▽
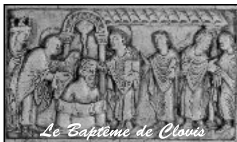
Le Baptême de Clovis

Ces rencontres sont animées par des prêtres et des laïcs de la paroisse.
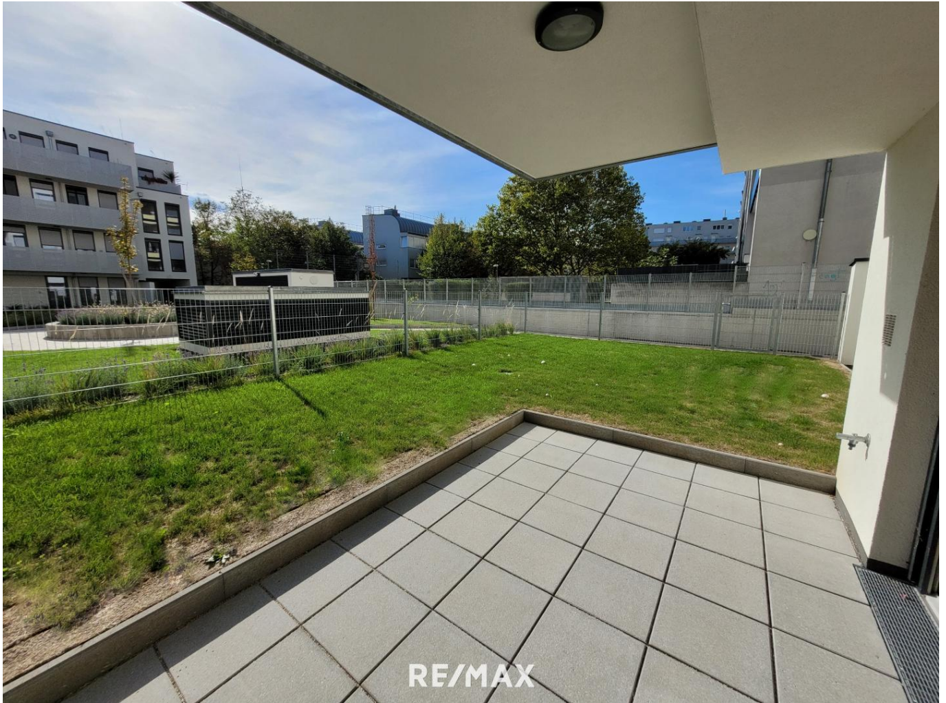
Terrasse vor dem Wohnraum & Garten
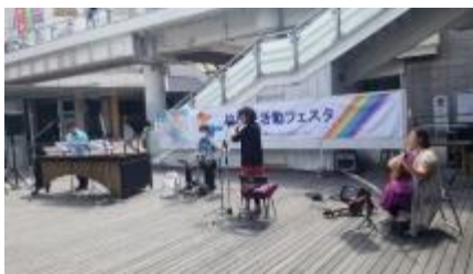
市民活動フェスタ（ファミリかしわ前広場コンサート）
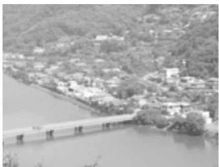
地区計画の指定が見込まれる上老松地区
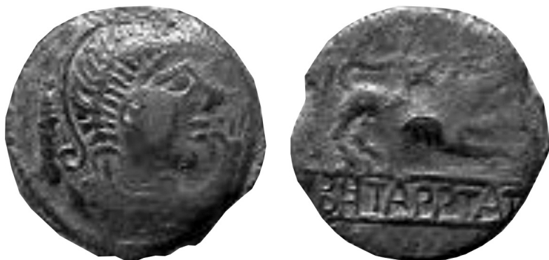
Bronce con variante de leyenda: BHTAPPTATIC (x2)

No hay muchos elementos que permitan ayudarnos al tema de la datación de estas piezas, aunque su asociación con piezas que se encuentran sobre todo en el siglo I a.C., como puede observarse en las excavaciones de Mailhac (dept. Aude), Ensérune (Nissan-lez-Ensérune, dept. Hérault) y Monfó (Magalas, dept. Hérault). 18
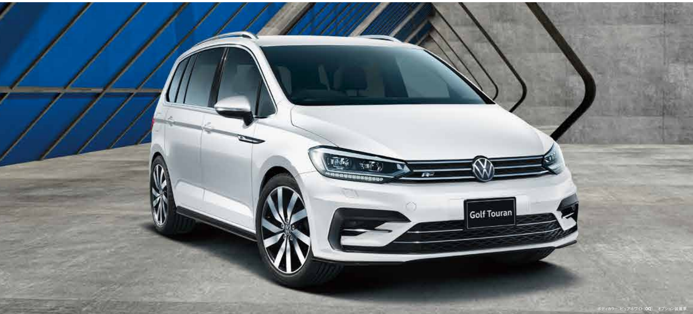
ボディカラー：ビュアホワイト (0Q) オプション装着車
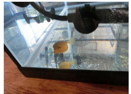
[ ハコフグ ]

現在、以前採捕したハコフグといっしょに飼育していますが、よく横転しているのが心配です。
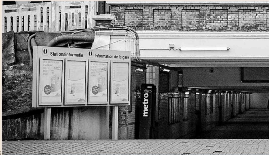
Soldados belgas patrullan la estación de metro de Schaarbeek, en Bruselas, ayer.

Con todo, muchos analistas creen que el golpe político a la UE puede ser mayor que el golpe económico. "La factura del 22-M es una mayor incertidumbre política, ya que deteriora el liderazgo de Merkel e inclina la balanza hacia posturas menos respetuosas con los principios de la democracia liberal y la economía de mercado" subraya Diego
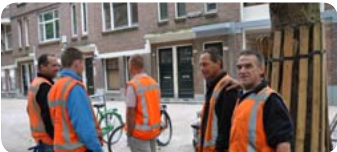
Straat op de schop; vervolg p.4

Ben er op tijd bij. En... Ben blij met wat je hebt. HS
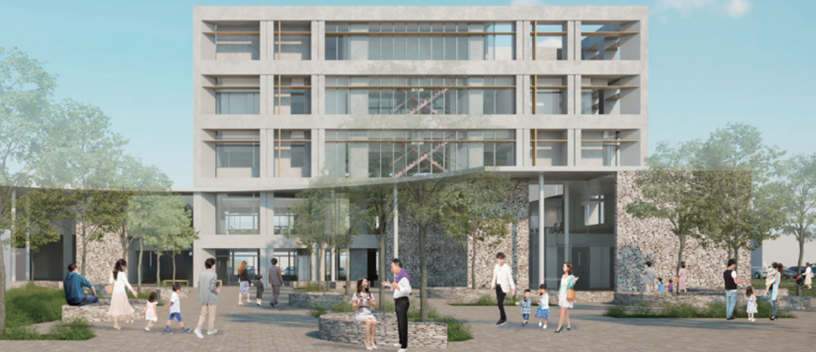
■新庁舎完成イメージ
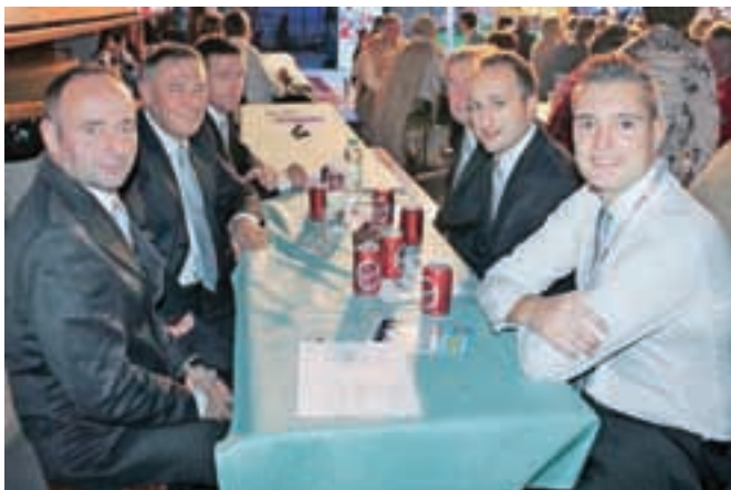
Večina Šenturškega okteta
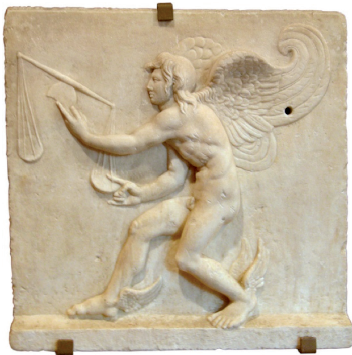
Kairos, de Griekse god van het tijdsmoment en de wind, Romeins bas-relief naar het origineel van Lysippos, ca. 350 v.Chr., Archeologisch Museum van Turijn.

Adonis a raison. Bien des choses demeurent cachées dans un livre, ou ne se montrent que par intermittences.
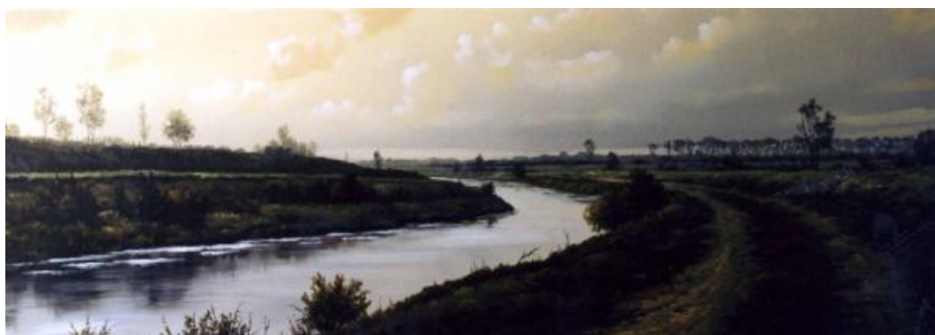
KANYARGÓ SIÓ olaj-fatábla, 40 x 110 cm, 2002.

Queen: Seven seas of rhye ( Hét tenger )
△
* [What to produce]
Print every entry above verbatim but drop the images.

* [Task output]
Le Baptême de Clovis

Ces rencontres sont animées par des prêtres et des laïcs de la paroisse.
Terrasse vor dem Wohnraum & Garten
市民活動フェスタ（ファミリかしわ前広場コンサート）
地区計画の指定が見込まれる上老松地区
Bronce con variante de leyenda: BHTAPPTATIC (x2)

No hay muchos elementos que permitan ayudarnos al tema de la datación de estas piezas, aunque su asociación con piezas que se encuentran sobre todo en el siglo I a.C., como puede observarse en las excavaciones de Mailhac (dept. Aude), Ensérune (Nissan-lez-Ensérune, dept. Hérault) y Monfó (Magalas, dept. Hérault). 18
ボディカラー：ビュアホワイト (0Q) オプション装着車
[ ハコフグ ]

現在、以前採捕したハコフグといっしょに飼育していますが、よく横転しているのが心配です。
Soldados belgas patrullan la estación de metro de Schaarbeek, en Bruselas, ayer.

Con todo, muchos analistas creen que el golpe político a la UE puede ser mayor que el golpe económico. "La factura del 22-M es una mayor incertidumbre política, ya que deteriora el liderazgo de Merkel e inclina la balanza hacia posturas menos respetuosas con los principios de la democracia liberal y la economía de mercado" subraya Diego
Straat op de schop; vervolg p.4

Ben er op tijd bij. En... Ben blij met wat je hebt. HS
■新庁舎完成イメージ
Večina Šenturškega okteta
Kairos, de Griekse god van het tijdsmoment en de wind, Romeins bas-relief naar het origineel van Lysippos, ca. 350 v.Chr., Archeologisch Museum van Turijn.

Adonis a raison. Bien des choses demeurent cachées dans un livre, ou ne se montrent que par intermittences.
KANYARGÓ SIÓ olaj-fatábla, 40 x 110 cm, 2002.

Queen: Seven seas of rhye ( Hét tenger )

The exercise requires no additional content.